## Task brief
Take the lines below beginning at the line that has "Another lightweight andstraightforward" and stopping after the line that has "Cortina Renda Cozinha", and print them exactly as they are, with no other lines.

## The records

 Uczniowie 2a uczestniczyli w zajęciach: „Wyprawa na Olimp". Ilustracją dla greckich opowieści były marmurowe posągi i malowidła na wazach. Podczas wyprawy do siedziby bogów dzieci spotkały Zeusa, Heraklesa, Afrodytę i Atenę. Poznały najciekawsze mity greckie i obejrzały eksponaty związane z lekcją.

--

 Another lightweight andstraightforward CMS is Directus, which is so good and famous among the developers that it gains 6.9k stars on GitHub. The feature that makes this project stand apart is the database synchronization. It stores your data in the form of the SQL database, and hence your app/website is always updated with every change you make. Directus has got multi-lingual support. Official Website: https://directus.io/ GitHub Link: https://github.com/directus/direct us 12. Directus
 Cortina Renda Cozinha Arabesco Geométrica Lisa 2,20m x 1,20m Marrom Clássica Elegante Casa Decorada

## Response to the task
 Another lightweight andstraightforward CMS is Directus, which is so good and famous among the developers that it gains 6.9k stars on GitHub. The feature that makes this project stand apart is the database synchronization. It stores your data in the form of the SQL database, and hence your app/website is always updated with every change you make. Directus has got multi-lingual support. Official Website: https://directus.io/ GitHub Link: https://github.com/directus/direct us 12. Directus
 Cortina Renda Cozinha Arabesco Geométrica Lisa 2,20m x 1,20m Marrom Clássica Elegante Casa Decorada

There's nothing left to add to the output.